1
Yorum
11
Beğeni
0,0
Puan
2013
Okunma
Siyahın lanetiyle kanırttı acımadan ciğerimi
Afaki orospuluğuna gizli ölümcül tuzağıyla göz kırptı sonra
Aydınlığımdaki işvekar libidolara
Kün esnemesiyle aralanıverince de yolumu kesen tüm günahkar nehirler
İtaatkar bedenini
Hiç düşünmeden
Daldırıverdi balçıklara
Kuzgun ruhum
.
.
.
"Varoluş kaosundaki derin düşünce…
Yaşam bağını zedeleyen güce katıştırılmış mutlak hegemonya…

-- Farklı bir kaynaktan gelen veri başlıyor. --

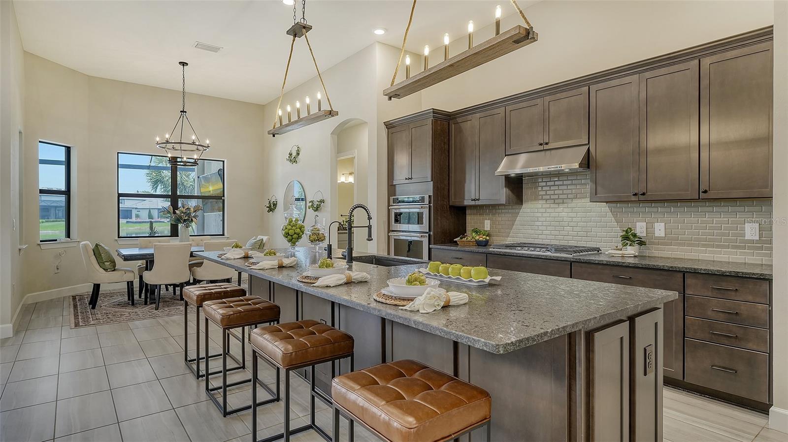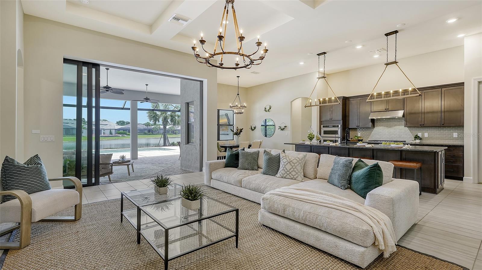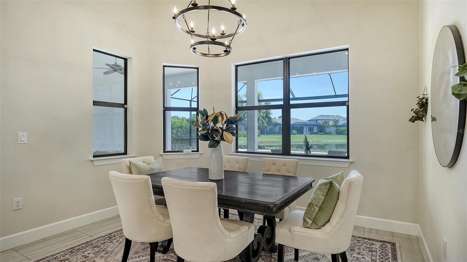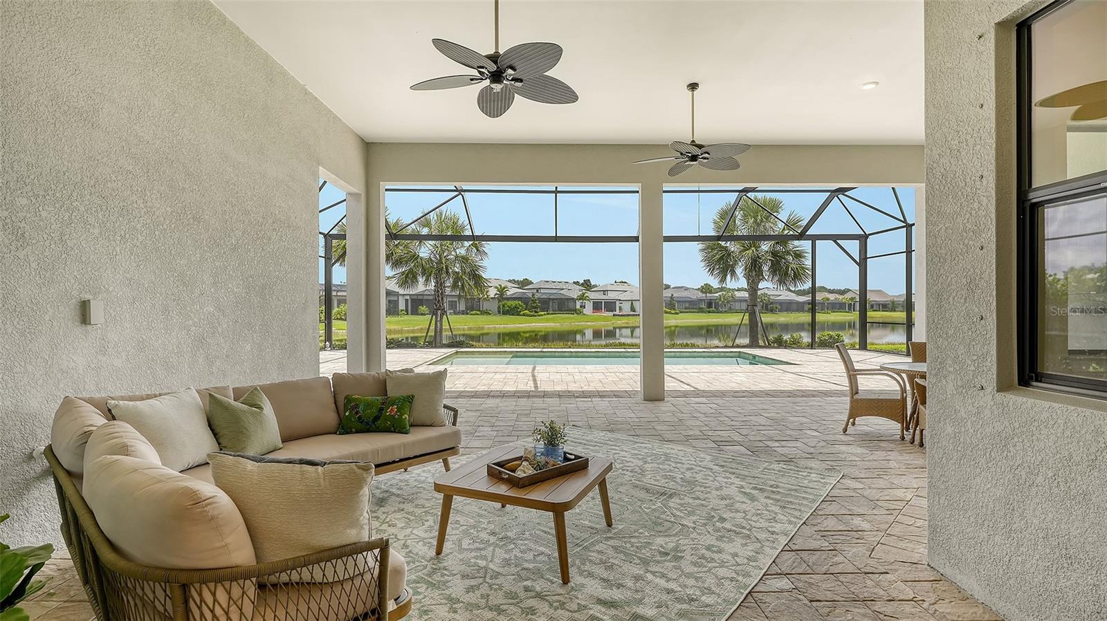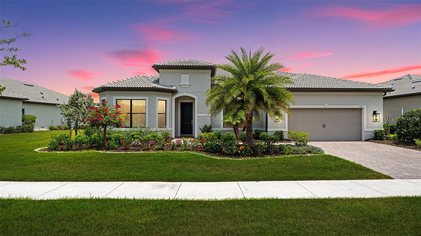 Discover Lakewood Ranch Waterside's sought after lifestyle in this exquisite 4-bedroom, 3.5-bath residence situated on a premier homesite with lake views in back and preserve in front. With 3,207 square feet of spacious living, the Camelot floor plan offers versatile space that can be tailored to your needs including a sizable flex room that can be used as a dining room, office, or playroom. Open to the great room, the kitchen boasts stainless appliances, leathered quartz counters, a gas cooktop, reverse-osmosis water system, a generous walk-in pantry, and a large center island. The great room, which also includes a spacious dining area, features a coffered ceiling and pocket sliders to the lanai. Impressive in size, the primary retreat showcases a tray ceiling, a generously-sized dressing room, double vanity, walk-in closet, and two linen closets. Step outside to the expansive lanai with clear view screens offering unobstructed lake views, a heated saltwater pool, and gas and water plumbing in place for an outdoor kitchen. Additional highlights include tandem garage space (allowing parking for a third car,) energy-efficient insulated windows, hurricane shutters, 12 x 24 tile throughout (no carpet in home), a utility sink in the laundry room, epoxy painted garage floors, a water softener and filtration system and more. Located close to a variety of shopping and dining destinations like Waterside Place, University Town Center, and Downtown Sarasota, this home is a perfect blend of elegance and convenience. Lakewood Ranch is the #1 bestselling community in the country close to medical facilities, beaches, and airports.

Düşünce ve söz efendilerinin isim babalıkları yaşanan tüm acılara…"
…
Sus Marazlı orospu!
Bil ki anmayacağım adını bir daha yalnızlığımda…
Ve bil ki
İğfal etmeden önce o kokuşmuş cesedini
Delik deşik edeceğim arafta bir başına gezinen ruhunu
Şehvetimle dozajladığım kör iğnelerle
Zannetme ki can çekişiyor olacak o an bedenim
Dilim üzerindeyken dilinin isyankar nefesler soluyacağım
Ölü gamzelerine…
Soluksuzluğumdaki ıslaklık erken sabah çiğleri gibi ışıldayacak
Morarmış meme uçlarında damla damla…
Karanlık mağaralara çığıltı
Yarasa naralarıyla dalga dalga akıtacağım sonra yaşam zehrimi
Kansızlıktan buz kesmiş kasıklarına
Lanetler okuyarak…
DUDAKLARIMDAN O AN YAYILAN TEBESSÜMÜM İSE TÜM KAİNATA;
…
İLAHİ MUKADDERAT!
- Notafor -
Nefret katalizörlü yoğun bir aşk acısı çeken şair bu şiiri yazarken, mahremine mavi alevler saçıyordu yeleleri gümüş-i bir ejder ...
Sanki... Sanki şairin son dölyuvarlarını bir vedaya hazırlıyordu, karanlık gökyüzünde tek gecelik zifaf helalliği...
(Yıldıray KIZILTAN)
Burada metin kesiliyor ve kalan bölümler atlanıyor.